The BJP is making futile attempts to defend the indefensible. Even as it summarily condemns jihadi terror, it unabashedly condones Hindutva terror citing non-existent extenuating circumstances. The heinousness of terrorist attacks remains the same in all cases, notwithstanding the dissimilar political or religious affiliations of the perpetrators. The future of the country is at stake. For its sake, the BJP should abandon its sectarianism and monopolistic patriotism.
G. David Milton,
The alleged involvement in crime of persons expected to be preaching religion and peace, and armymen guarding the national borders is really shocking. Making wild accusations against the government and investigating agencies is no way to control damage. The BJP should face the truth and take corrective steps.
HyderabadIt is a pity that BJP leaders view the Malegaon blasts as a political issue, not as a matter of national concern. Their hasty reaction to the arrests exposes how inadequate they are to tackle terrorism in a balanced and comprehensive manner. Will our politicians grow up to the situation, act like statesmen and put an end to the growing menace of terrorism?

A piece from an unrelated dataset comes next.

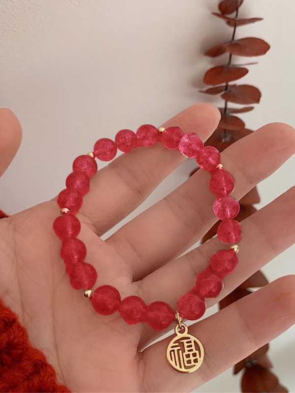 Pink Crystal Chinese Pendant Bracelet

BJP president Rajnath Singh’s statement that his party will defend the Malegaon blasts accused raises a few questions. Does he have no faith in the criminal justice system? Why doesn’t he wait for the law to take its course without passing a judgment? Is he or is he not keen on bringing those responsible for the killing of innocent citizens to justice? Or, is it his case that only those who belong to the opposite camp should be proceeded against? Does he know that a leader needs to exhibit qualities of fairness, tolerance and honesty?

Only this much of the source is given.